(Collected data entries)
● ● ● ● ●
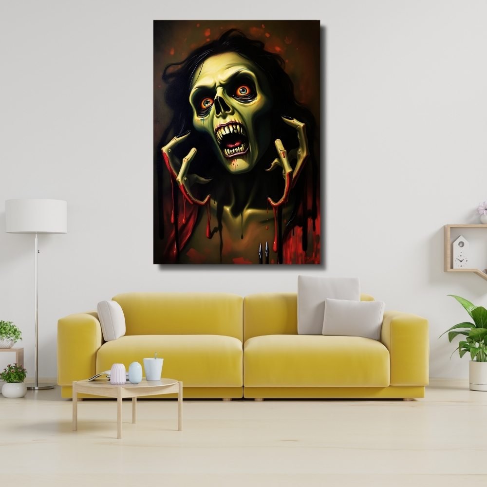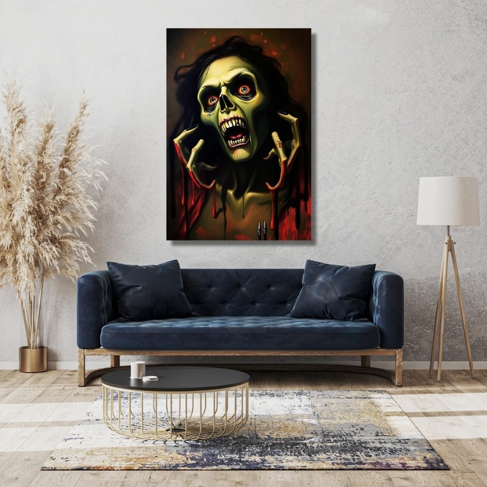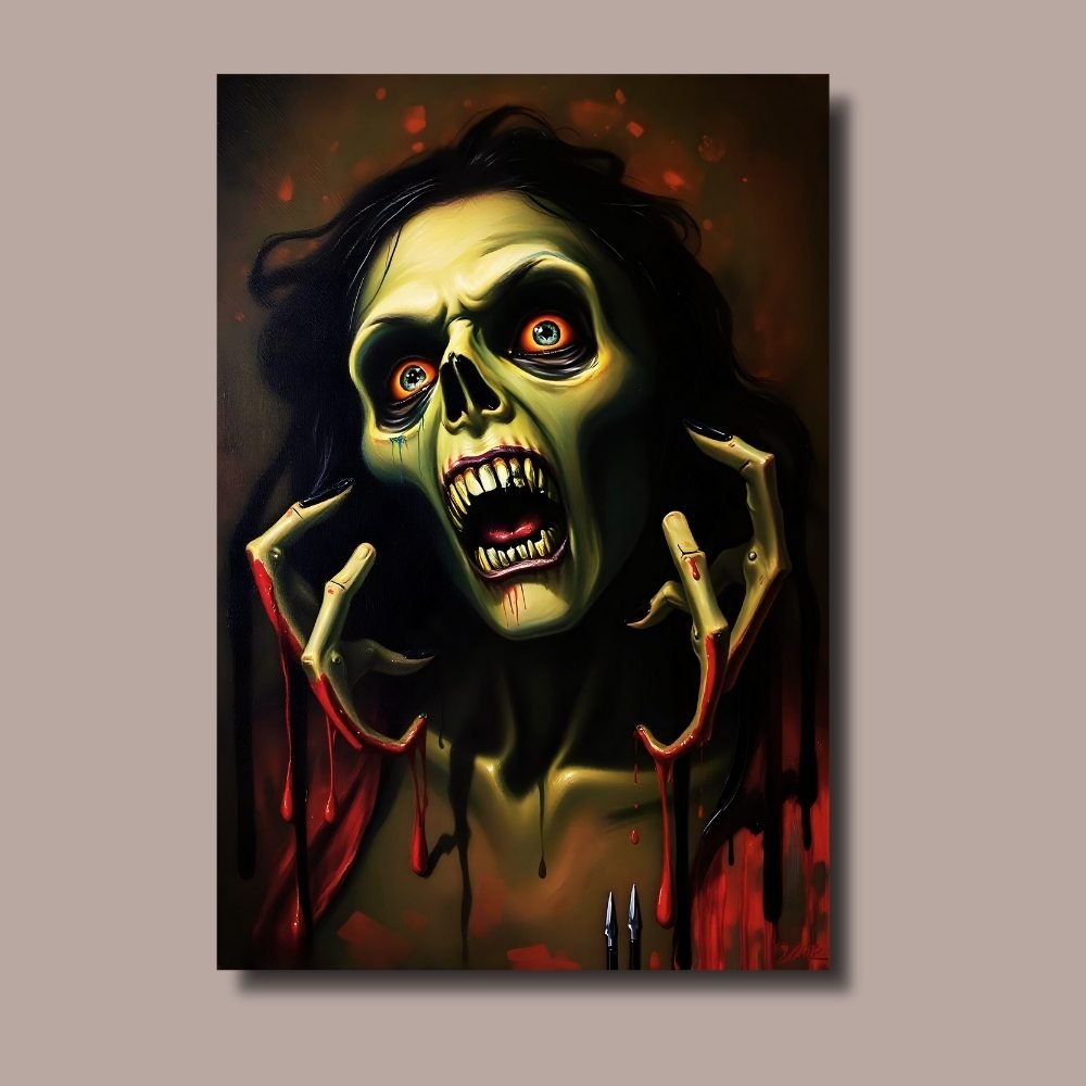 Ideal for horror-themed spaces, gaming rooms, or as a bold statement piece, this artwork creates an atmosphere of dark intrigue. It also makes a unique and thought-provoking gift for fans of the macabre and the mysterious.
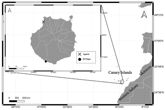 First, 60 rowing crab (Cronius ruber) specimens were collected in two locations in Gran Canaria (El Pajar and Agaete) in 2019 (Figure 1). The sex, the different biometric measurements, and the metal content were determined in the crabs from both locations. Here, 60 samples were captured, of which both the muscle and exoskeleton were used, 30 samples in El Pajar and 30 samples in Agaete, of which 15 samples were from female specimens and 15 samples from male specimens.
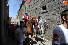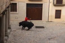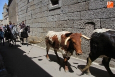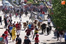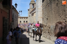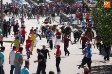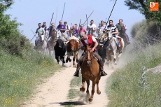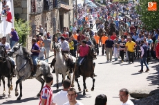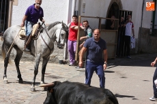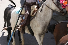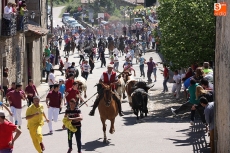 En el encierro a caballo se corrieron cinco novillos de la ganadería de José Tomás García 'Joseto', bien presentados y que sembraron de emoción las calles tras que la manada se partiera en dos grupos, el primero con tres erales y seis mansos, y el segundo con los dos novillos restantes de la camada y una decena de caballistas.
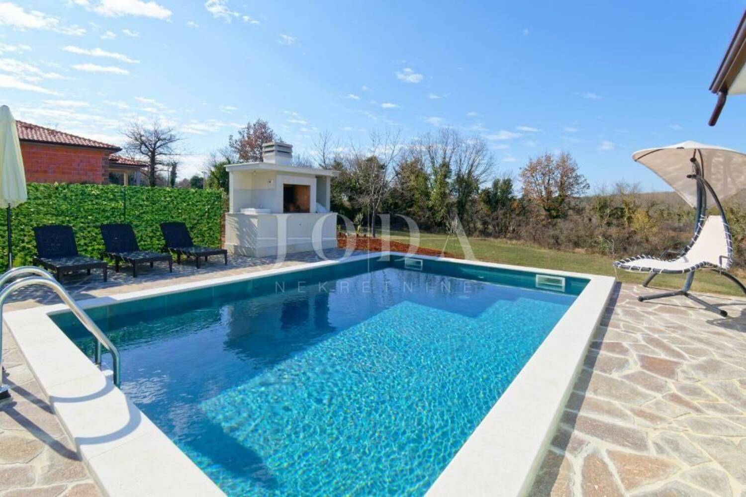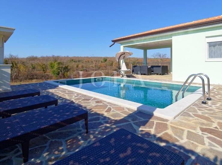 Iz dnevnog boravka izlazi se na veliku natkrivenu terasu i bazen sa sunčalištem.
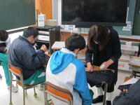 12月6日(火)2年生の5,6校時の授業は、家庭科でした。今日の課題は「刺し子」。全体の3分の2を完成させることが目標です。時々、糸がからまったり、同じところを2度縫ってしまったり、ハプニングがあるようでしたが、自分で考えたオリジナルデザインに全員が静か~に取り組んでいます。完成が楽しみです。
● ● ● ● ●
DIRECTIONS FOR THIS TASK: Print each line above exactly as it appears, excluding all images.

REPLY TO THE TASK:
 Ideal for horror-themed spaces, gaming rooms, or as a bold statement piece, this artwork creates an atmosphere of dark intrigue. It also makes a unique and thought-provoking gift for fans of the macabre and the mysterious.
 First, 60 rowing crab (Cronius ruber) specimens were collected in two locations in Gran Canaria (El Pajar and Agaete) in 2019 (Figure 1). The sex, the different biometric measurements, and the metal content were determined in the crabs from both locations. Here, 60 samples were captured, of which both the muscle and exoskeleton were used, 30 samples in El Pajar and 30 samples in Agaete, of which 15 samples were from female specimens and 15 samples from male specimens.
 En el encierro a caballo se corrieron cinco novillos de la ganadería de José Tomás García 'Joseto', bien presentados y que sembraron de emoción las calles tras que la manada se partiera en dos grupos, el primero con tres erales y seis mansos, y el segundo con los dos novillos restantes de la camada y una decena de caballistas.
 Iz dnevnog boravka izlazi se na veliku natkrivenu terasu i bazen sa sunčalištem.
 12月6日(火)2年生の5,6校時の授業は、家庭科でした。今日の課題は「刺し子」。全体の3分の2を完成させることが目標です。時々、糸がからまったり、同じところを2度縫ってしまったり、ハプニングがあるようでしたが、自分で考えたオリジナルデザインに全員が静か~に取り組んでいます。完成が楽しみです。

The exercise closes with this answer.